GIVEN DATA:

⁂

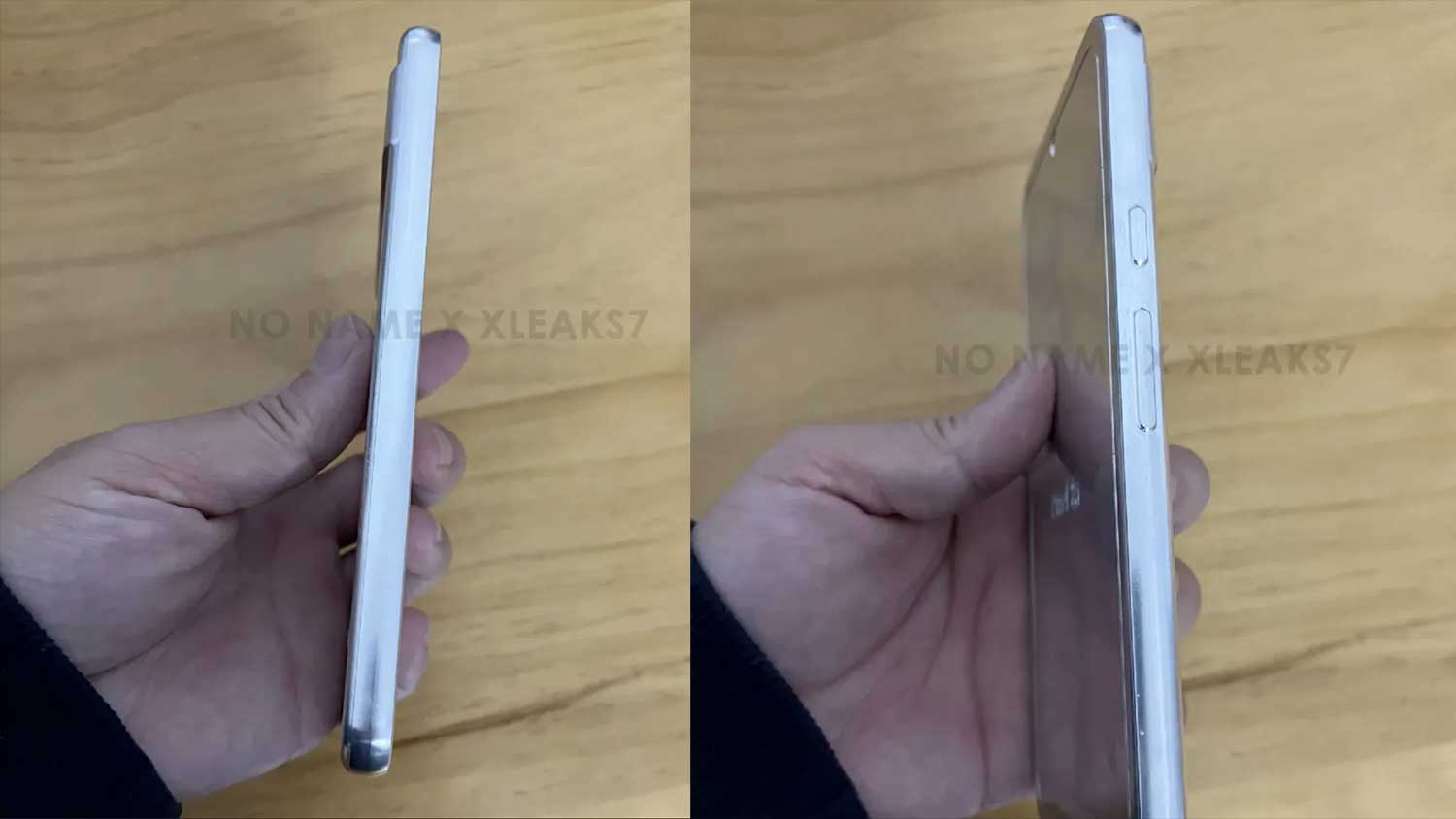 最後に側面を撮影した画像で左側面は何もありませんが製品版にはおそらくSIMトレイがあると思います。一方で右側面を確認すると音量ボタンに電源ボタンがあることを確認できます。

⁂

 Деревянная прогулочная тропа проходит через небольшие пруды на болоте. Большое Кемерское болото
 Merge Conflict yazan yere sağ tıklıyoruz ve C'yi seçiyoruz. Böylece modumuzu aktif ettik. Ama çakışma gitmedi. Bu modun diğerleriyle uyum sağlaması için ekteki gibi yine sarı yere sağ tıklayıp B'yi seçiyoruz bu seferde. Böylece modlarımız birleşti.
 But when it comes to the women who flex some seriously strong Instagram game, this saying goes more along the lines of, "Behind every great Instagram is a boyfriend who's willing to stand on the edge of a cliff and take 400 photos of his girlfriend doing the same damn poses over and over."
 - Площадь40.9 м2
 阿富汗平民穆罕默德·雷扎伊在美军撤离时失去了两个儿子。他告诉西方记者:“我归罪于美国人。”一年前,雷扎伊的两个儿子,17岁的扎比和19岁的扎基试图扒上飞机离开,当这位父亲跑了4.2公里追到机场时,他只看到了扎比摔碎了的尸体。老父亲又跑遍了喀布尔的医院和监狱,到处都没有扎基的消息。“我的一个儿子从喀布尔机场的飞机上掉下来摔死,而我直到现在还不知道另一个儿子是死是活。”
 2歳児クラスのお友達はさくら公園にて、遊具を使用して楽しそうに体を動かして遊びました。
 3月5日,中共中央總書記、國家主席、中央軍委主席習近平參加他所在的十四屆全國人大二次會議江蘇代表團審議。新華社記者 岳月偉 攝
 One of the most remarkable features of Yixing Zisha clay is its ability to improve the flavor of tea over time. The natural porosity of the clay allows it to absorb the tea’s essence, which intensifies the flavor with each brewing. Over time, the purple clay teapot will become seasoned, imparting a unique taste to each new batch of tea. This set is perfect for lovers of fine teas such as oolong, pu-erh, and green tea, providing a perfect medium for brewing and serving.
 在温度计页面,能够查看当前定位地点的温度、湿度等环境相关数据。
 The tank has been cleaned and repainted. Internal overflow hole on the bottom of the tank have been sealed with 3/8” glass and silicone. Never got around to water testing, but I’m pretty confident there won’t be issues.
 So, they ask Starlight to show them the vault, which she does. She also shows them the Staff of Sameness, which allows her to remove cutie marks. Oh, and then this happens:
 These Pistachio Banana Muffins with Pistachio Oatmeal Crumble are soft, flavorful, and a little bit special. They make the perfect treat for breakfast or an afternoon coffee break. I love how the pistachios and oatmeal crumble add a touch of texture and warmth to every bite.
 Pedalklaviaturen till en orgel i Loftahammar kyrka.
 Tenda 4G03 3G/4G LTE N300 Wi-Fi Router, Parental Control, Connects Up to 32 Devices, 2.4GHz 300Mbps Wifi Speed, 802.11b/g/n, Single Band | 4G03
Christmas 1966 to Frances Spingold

⁂

WORK TO BE COMPLETED:
Within the listing above, extract exactly the lines from the line with "2歳児クラスのお友達はさくら" to the line with "So, they ask", the two named lines included, and no others.

WRITTEN REPLY:
 2歳児クラスのお友達はさくら公園にて、遊具を使用して楽しそうに体を動かして遊びました。
 3月5日,中共中央總書記、國家主席、中央軍委主席習近平參加他所在的十四屆全國人大二次會議江蘇代表團審議。新華社記者 岳月偉 攝
 One of the most remarkable features of Yixing Zisha clay is its ability to improve the flavor of tea over time. The natural porosity of the clay allows it to absorb the tea’s essence, which intensifies the flavor with each brewing. Over time, the purple clay teapot will become seasoned, imparting a unique taste to each new batch of tea. This set is perfect for lovers of fine teas such as oolong, pu-erh, and green tea, providing a perfect medium for brewing and serving.
 在温度计页面,能够查看当前定位地点的温度、湿度等环境相关数据。
 The tank has been cleaned and repainted. Internal overflow hole on the bottom of the tank have been sealed with 3/8” glass and silicone. Never got around to water testing, but I’m pretty confident there won’t be issues.
 So, they ask Starlight to show them the vault, which she does. She also shows them the Staff of Sameness, which allows her to remove cutie marks. Oh, and then this happens:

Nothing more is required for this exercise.